Starting at the line containing "Título: Carbon and" and ending at the line containing "Ειδικότερα, σύμφωνα με", transcribe the listing below exactly. Keep both end lines, skip the pictures, and copy nothing else.

*** DATA FOR THIS TASK ***

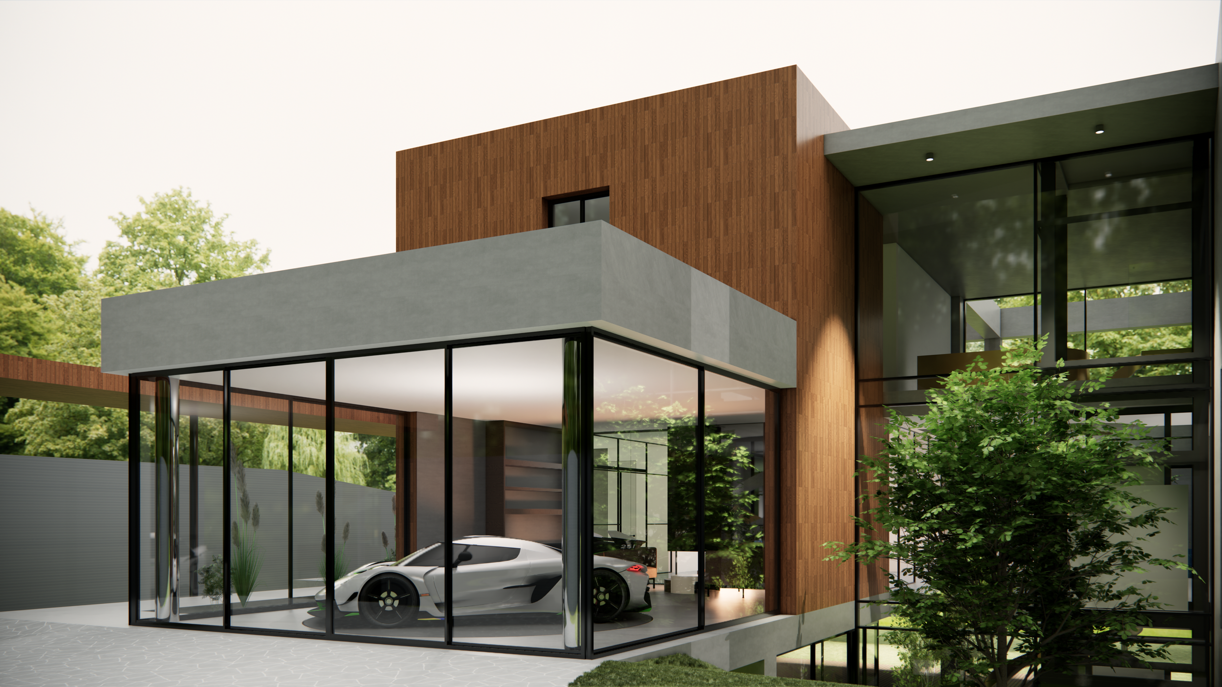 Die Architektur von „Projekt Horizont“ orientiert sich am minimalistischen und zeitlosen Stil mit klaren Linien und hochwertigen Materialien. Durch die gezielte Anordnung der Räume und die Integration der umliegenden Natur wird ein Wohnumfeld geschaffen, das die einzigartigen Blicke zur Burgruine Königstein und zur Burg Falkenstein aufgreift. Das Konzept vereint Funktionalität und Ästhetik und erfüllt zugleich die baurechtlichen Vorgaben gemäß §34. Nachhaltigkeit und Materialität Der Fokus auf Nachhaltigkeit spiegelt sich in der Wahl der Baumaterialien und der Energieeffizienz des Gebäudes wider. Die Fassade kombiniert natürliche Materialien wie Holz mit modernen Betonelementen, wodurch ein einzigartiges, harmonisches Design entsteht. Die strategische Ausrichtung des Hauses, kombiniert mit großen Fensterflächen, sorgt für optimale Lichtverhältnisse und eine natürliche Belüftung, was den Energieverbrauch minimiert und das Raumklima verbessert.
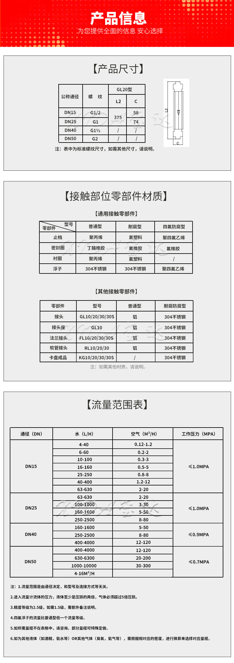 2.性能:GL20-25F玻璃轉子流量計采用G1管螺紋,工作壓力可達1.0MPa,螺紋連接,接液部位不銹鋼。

*** End of DATA FOR THIS TASK ***
*** DATA FOR THIS TASK ***

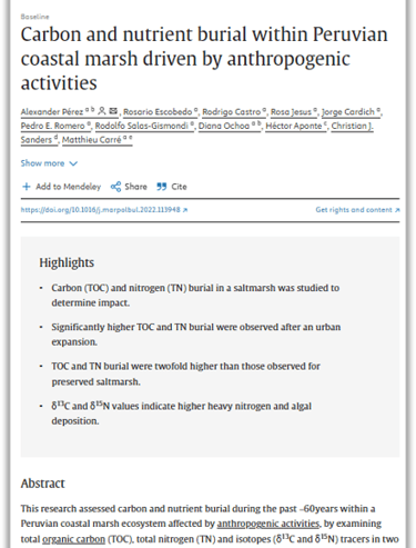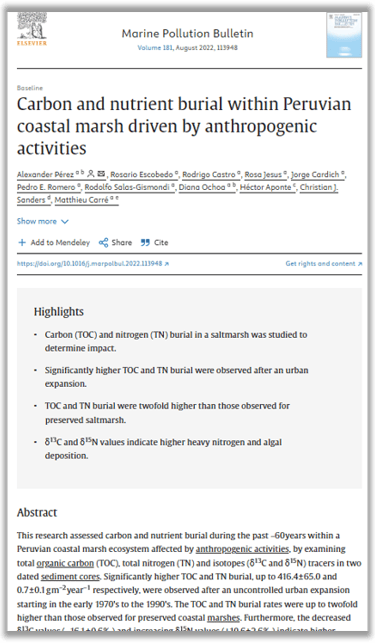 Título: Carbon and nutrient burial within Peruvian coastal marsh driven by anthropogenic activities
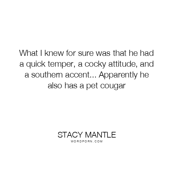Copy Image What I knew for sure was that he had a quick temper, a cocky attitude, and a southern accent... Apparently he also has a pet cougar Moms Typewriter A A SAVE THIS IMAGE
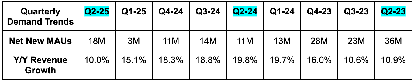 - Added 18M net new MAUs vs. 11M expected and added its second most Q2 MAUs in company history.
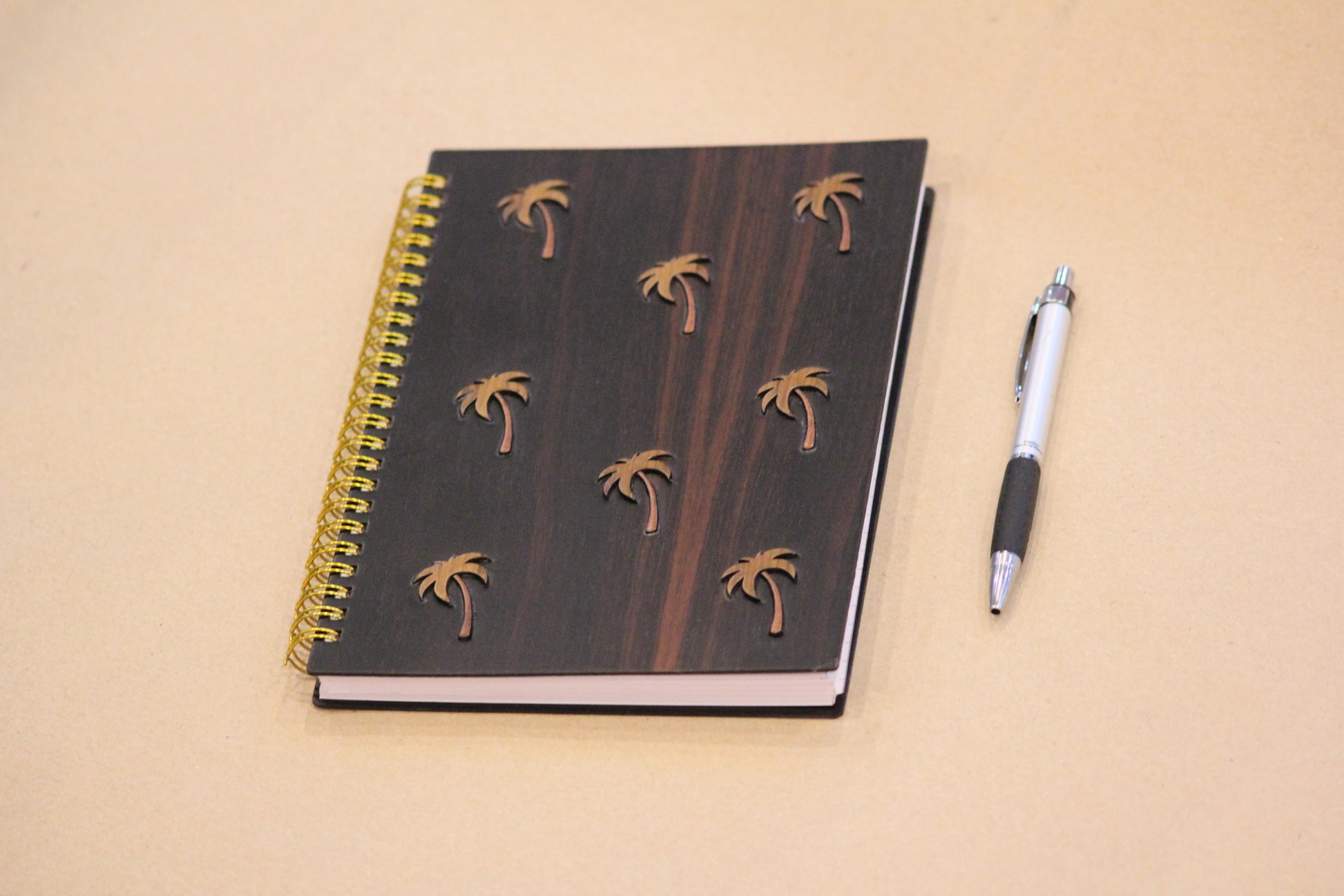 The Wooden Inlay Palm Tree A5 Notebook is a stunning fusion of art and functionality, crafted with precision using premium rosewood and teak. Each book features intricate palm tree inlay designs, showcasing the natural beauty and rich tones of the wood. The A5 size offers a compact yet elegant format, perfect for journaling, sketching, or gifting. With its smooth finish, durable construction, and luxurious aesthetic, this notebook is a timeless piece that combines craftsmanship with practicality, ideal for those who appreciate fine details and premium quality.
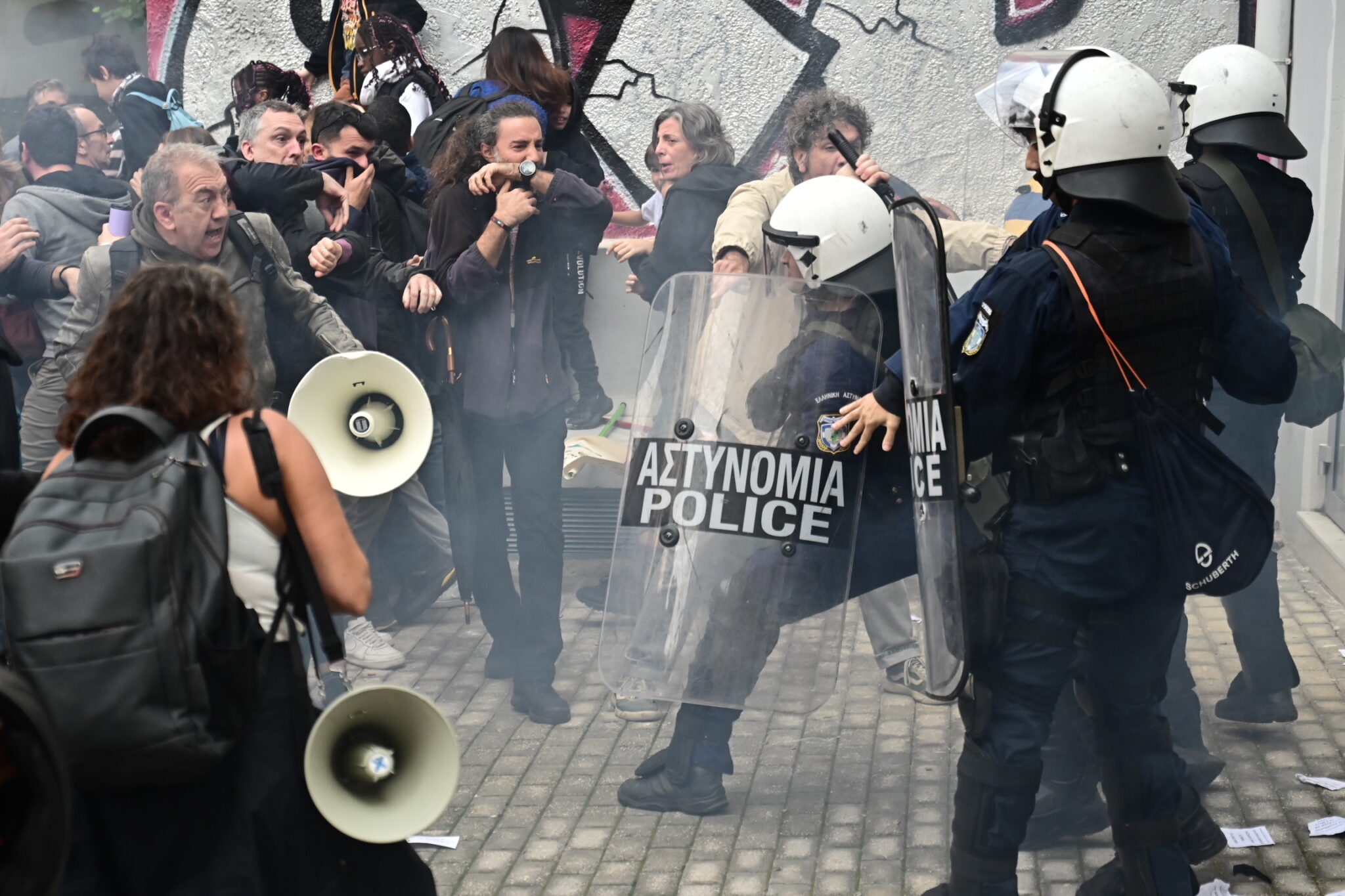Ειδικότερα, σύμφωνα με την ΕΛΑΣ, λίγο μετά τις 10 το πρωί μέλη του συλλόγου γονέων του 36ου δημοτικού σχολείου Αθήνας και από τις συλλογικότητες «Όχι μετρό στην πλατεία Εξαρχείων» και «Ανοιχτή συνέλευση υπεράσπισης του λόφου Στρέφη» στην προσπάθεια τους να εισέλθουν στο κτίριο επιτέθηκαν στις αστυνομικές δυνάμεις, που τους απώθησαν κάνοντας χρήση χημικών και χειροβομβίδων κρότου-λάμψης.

*** End of DATA FOR THIS TASK ***
*** DATA FOR THIS TASK ***

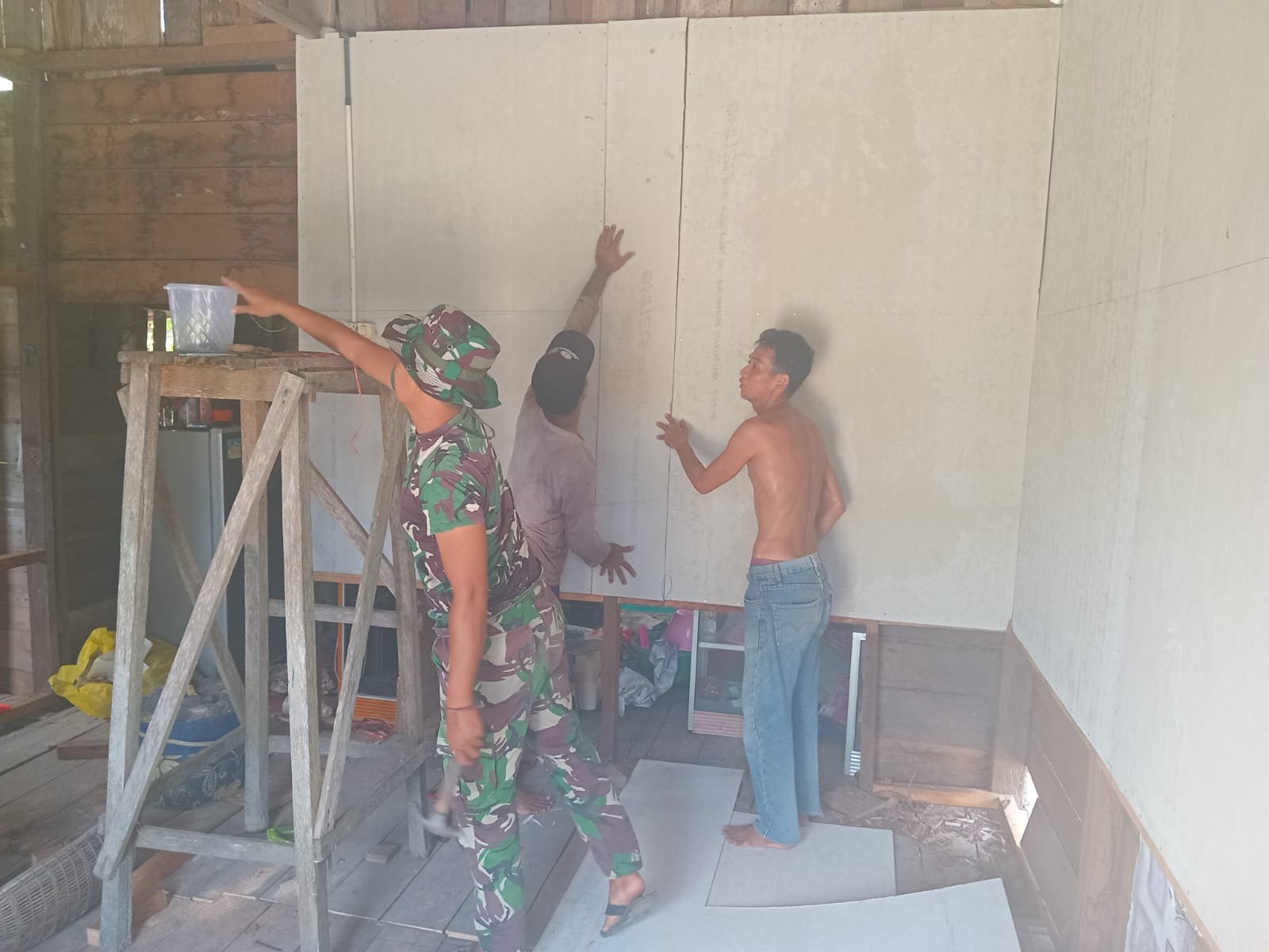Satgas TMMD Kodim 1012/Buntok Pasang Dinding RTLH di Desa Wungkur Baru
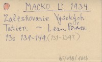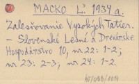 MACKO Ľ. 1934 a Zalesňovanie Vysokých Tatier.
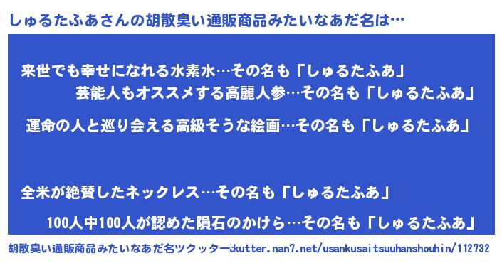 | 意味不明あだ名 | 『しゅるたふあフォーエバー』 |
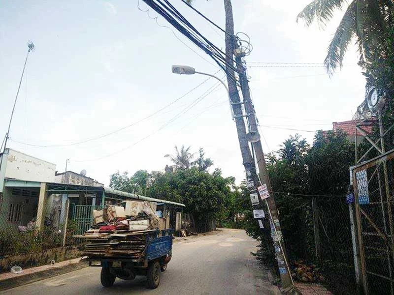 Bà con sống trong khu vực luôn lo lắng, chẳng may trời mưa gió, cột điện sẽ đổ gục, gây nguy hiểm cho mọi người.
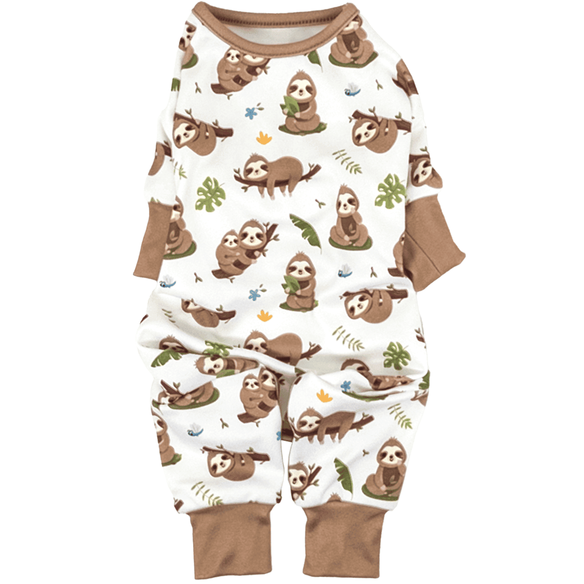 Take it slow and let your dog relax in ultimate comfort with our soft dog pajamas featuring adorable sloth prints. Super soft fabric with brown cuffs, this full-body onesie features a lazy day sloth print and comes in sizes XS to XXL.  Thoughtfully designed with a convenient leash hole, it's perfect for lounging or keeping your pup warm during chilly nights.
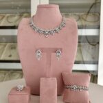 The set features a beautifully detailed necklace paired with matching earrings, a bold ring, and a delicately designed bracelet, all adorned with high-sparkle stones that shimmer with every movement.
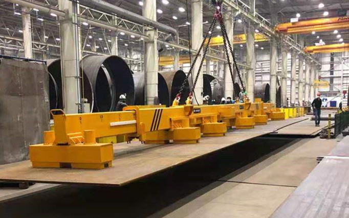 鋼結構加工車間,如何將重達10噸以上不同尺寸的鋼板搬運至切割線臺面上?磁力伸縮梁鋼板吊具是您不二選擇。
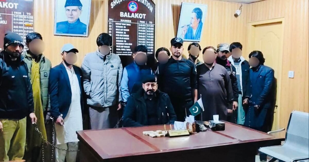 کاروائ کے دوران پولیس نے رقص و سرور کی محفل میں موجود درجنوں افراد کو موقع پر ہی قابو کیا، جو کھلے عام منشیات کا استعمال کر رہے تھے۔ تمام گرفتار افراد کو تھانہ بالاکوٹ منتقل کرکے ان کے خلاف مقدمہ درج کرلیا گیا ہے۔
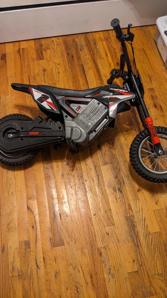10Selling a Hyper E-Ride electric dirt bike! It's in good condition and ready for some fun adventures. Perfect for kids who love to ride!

*** End of DATA FOR THIS TASK ***

ANSWER TO THIS TASK.
 Título: Carbon and nutrient burial within Peruvian coastal marsh driven by anthropogenic activities
Copy Image What I knew for sure was that he had a quick temper, a cocky attitude, and a southern accent... Apparently he also has a pet cougar Moms Typewriter A A SAVE THIS IMAGE
 - Added 18M net new MAUs vs. 11M expected and added its second most Q2 MAUs in company history.
 The Wooden Inlay Palm Tree A5 Notebook is a stunning fusion of art and functionality, crafted with precision using premium rosewood and teak. Each book features intricate palm tree inlay designs, showcasing the natural beauty and rich tones of the wood. The A5 size offers a compact yet elegant format, perfect for journaling, sketching, or gifting. With its smooth finish, durable construction, and luxurious aesthetic, this notebook is a timeless piece that combines craftsmanship with practicality, ideal for those who appreciate fine details and premium quality.
Ειδικότερα, σύμφωνα με την ΕΛΑΣ, λίγο μετά τις 10 το πρωί μέλη του συλλόγου γονέων του 36ου δημοτικού σχολείου Αθήνας και από τις συλλογικότητες «Όχι μετρό στην πλατεία Εξαρχείων» και «Ανοιχτή συνέλευση υπεράσπισης του λόφου Στρέφη» στην προσπάθεια τους να εισέλθουν στο κτίριο επιτέθηκαν στις αστυνομικές δυνάμεις, που τους απώθησαν κάνοντας χρήση χημικών και χειροβομβίδων κρότου-λάμψης.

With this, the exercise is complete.